TRY IT:
From the first line of the listing below through the line with "Incluye 4 cuadernos", transcribe exactly and skip the pictures.

RECORDS SUPPLIED START

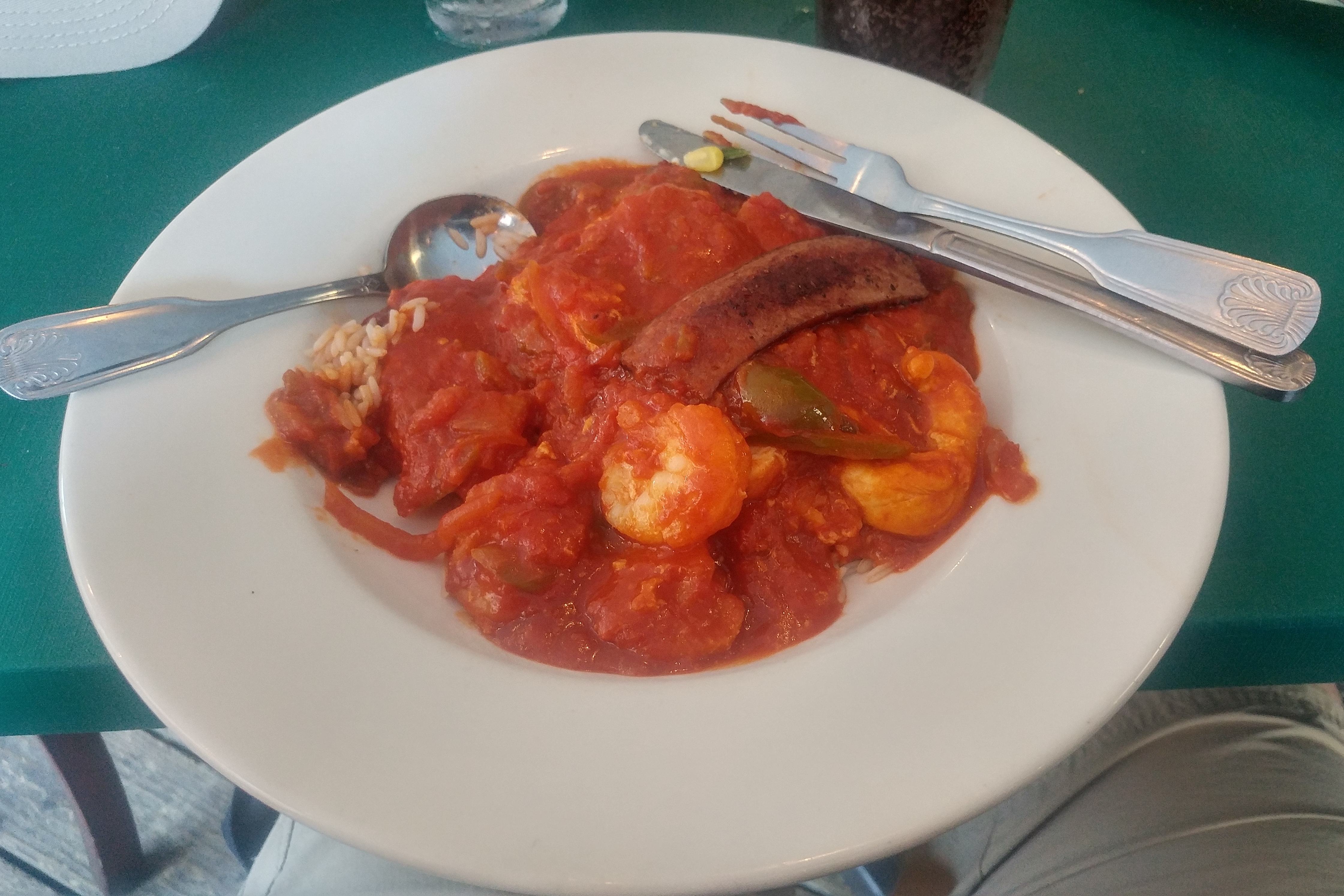 Our main goal was the fried green tomatoes at Tommy Condon’s and we got those as an appetizer. They never disappoint. I followed that with a jambalaya that just about burned my lips off – very, very spicy. Probably too spicy, but I had a pint of Kilkenny Ale to soothe my palate. I finished it and, contrary to Jett’s prediction, did not have to swallow any Tums before bed.
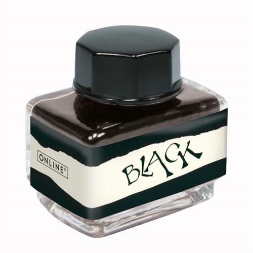 ONLINE Bläck, svart, bläckflaska, 15 ml, färgglatt reservoarbläck för kalligrafi, textning, skrivbläck, bläckhorn för omvandlare, vattenbaserat påfyllningsbläck
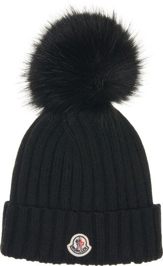 Virgin Wool Rib Beanie with Faux Fur Pompom
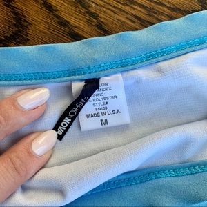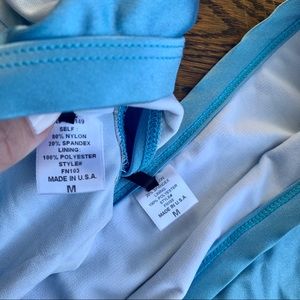 Sports bra fitted top, high waist bikini bottoms. Color is true to pictures, has a bit of sheen to it
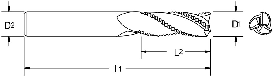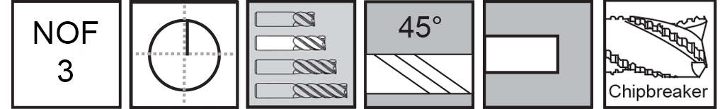 Chipbreaker design with high helix ideal for rapid stock removal in aluminum alloys.
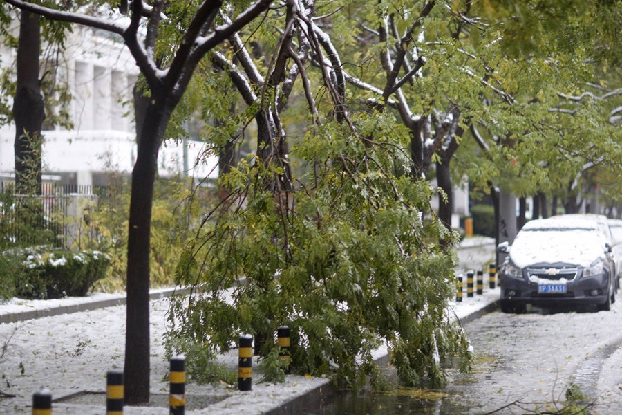 11月4日凌晨,北京迎來(lái)今年首場(chǎng)降雪。清晨的北京已經(jīng)布滿(mǎn)積雪,一棵樹(shù)的樹(shù)枝被降雪砸斷。
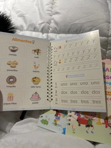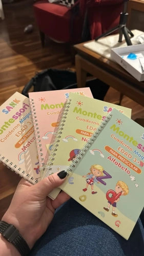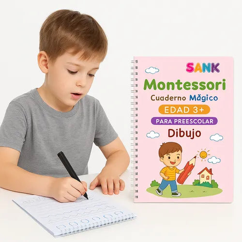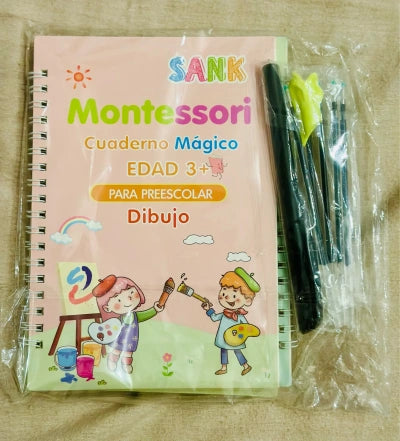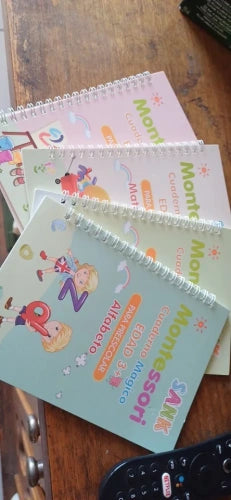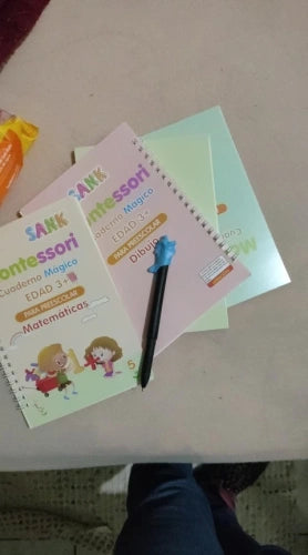 Incluye 4 cuadernos temáticos (letras, números, dibujos y caligrafía avanzada) + 1 lapicera mágica con 5 repuestos.
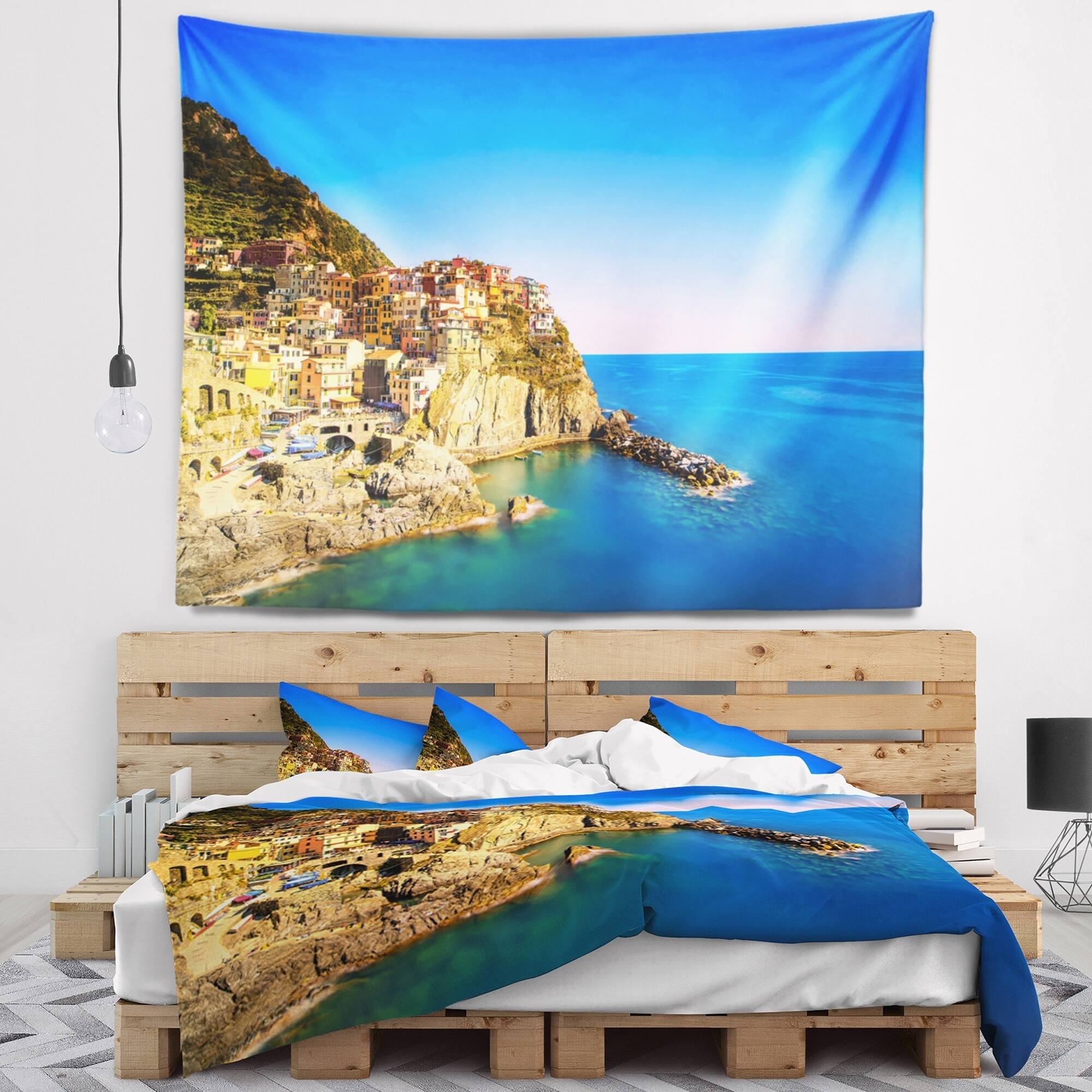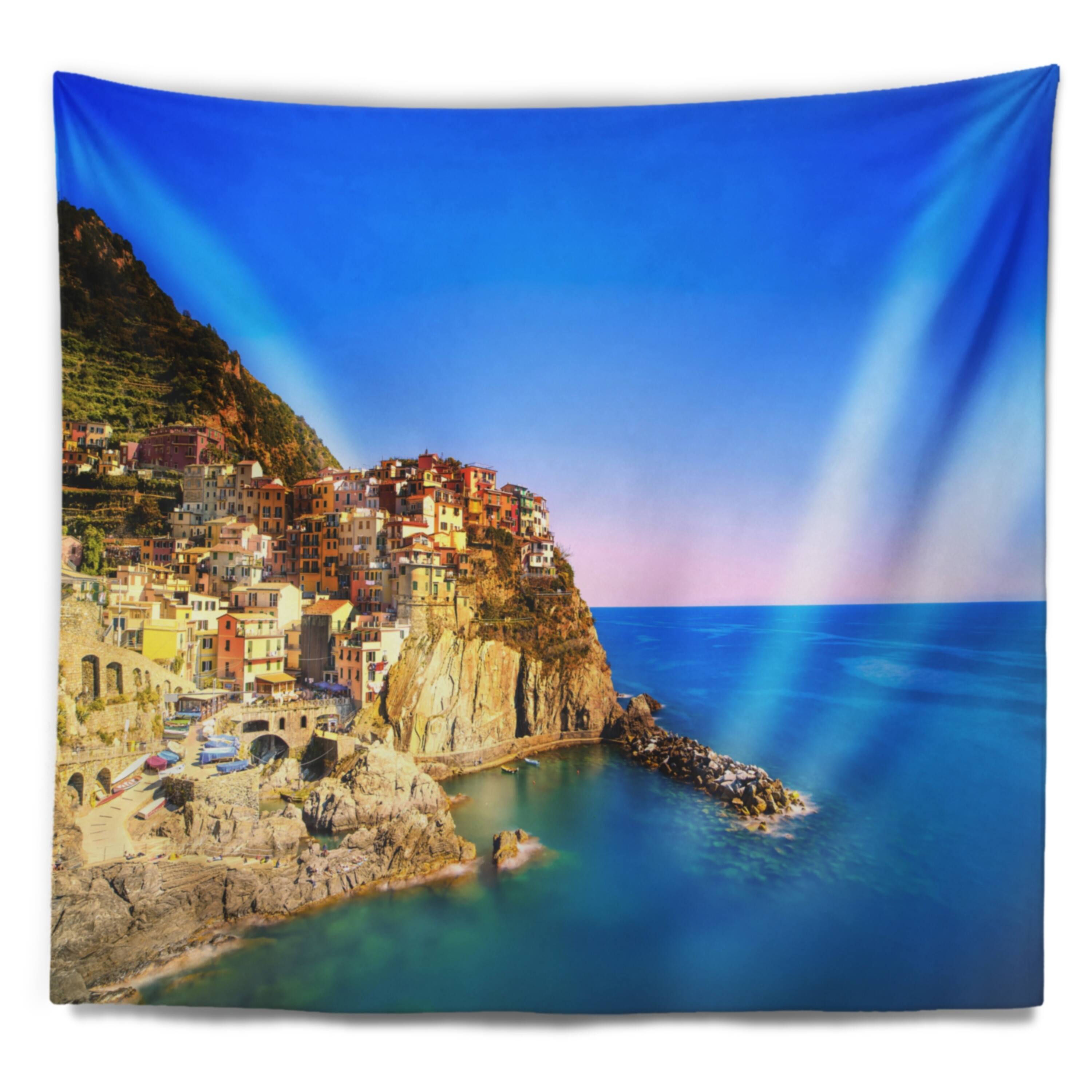 For a quick and easy home or office makeover, our wall tapestries are a great way to add a modern touch of décor and a pop of color to any room in your home or office. This Sea & Shore wall tapestry is created on light weight, wrinkle resistant, polyester fabric making it very easy to install on any wall.These Beach wall tapestry is printed using High Color Density Italian inks to create a vibrantly colored, sharp artwork.This beautiful Manarola Village Seashore Italy wall hanging artwork can also be used as a Bedspread, Bed Cover, Room Décor Tapestry, Beach Throw.This Sea & Shore tapestry will easily change the plainest wall into an art display. This tapestry serves as a beautiful piece of wall art and through our vast selection of designs and such easy hanging, can be changed frequently Free Shipping Over $49.99* Details Designart 'Manarola Village Seashore Italy' Seashore Wall Tapestry Product Description: For a quick and easy home or office makeover, our wall tapestries are a great way to add a modern touch of décor and a pop of color to any room in your home or office. This Sea & Shore wall tapestry is created on light weight, wrinkle resistant, polyester fabric making it very easy to install on any wall. These Beach wall tapestry is printed using High Color Density Italian inks to create a vibrantly colored, sharp artwork. This beautiful Manarola Village Seashore Italy wall hanging artwork can also be used as a Bedspread, Bed Cover, Room Décor Tapestry, Beach Throw. This Sea & Shore tapestry will easily change the plainest wall into an art display. This tapestry serves as a beautiful piece of wall art and through our vast selection of designs and such easy hanging, can be changed frequently with the seasons or simply your mood. Features Created on 100% lightweight polyester fabric Anti-wrinkle Easy to hang Vibrant rich colors and sharp details Available in multiple sizes and designs Print on Demand with High Density Italian Ink Available in Several sizes Attribute Beach, Coastal, Tropical Subject Sea & Shore, Nautical, Landscapes Care Instructions: - Hand wash or machine wash on gentle cycle.

RECORDS SUPPLIED END

RESPONSE AREA:
 Our main goal was the fried green tomatoes at Tommy Condon’s and we got those as an appetizer. They never disappoint. I followed that with a jambalaya that just about burned my lips off – very, very spicy. Probably too spicy, but I had a pint of Kilkenny Ale to soothe my palate. I finished it and, contrary to Jett’s prediction, did not have to swallow any Tums before bed.
 ONLINE Bläck, svart, bläckflaska, 15 ml, färgglatt reservoarbläck för kalligrafi, textning, skrivbläck, bläckhorn för omvandlare, vattenbaserat påfyllningsbläck
 Virgin Wool Rib Beanie with Faux Fur Pompom
 Sports bra fitted top, high waist bikini bottoms. Color is true to pictures, has a bit of sheen to it
 Chipbreaker design with high helix ideal for rapid stock removal in aluminum alloys.
 11月4日凌晨,北京迎來(lái)今年首場(chǎng)降雪。清晨的北京已經(jīng)布滿(mǎn)積雪,一棵樹(shù)的樹(shù)枝被降雪砸斷。
 Incluye 4 cuadernos temáticos (letras, números, dibujos y caligrafía avanzada) + 1 lapicera mágica con 5 repuestos.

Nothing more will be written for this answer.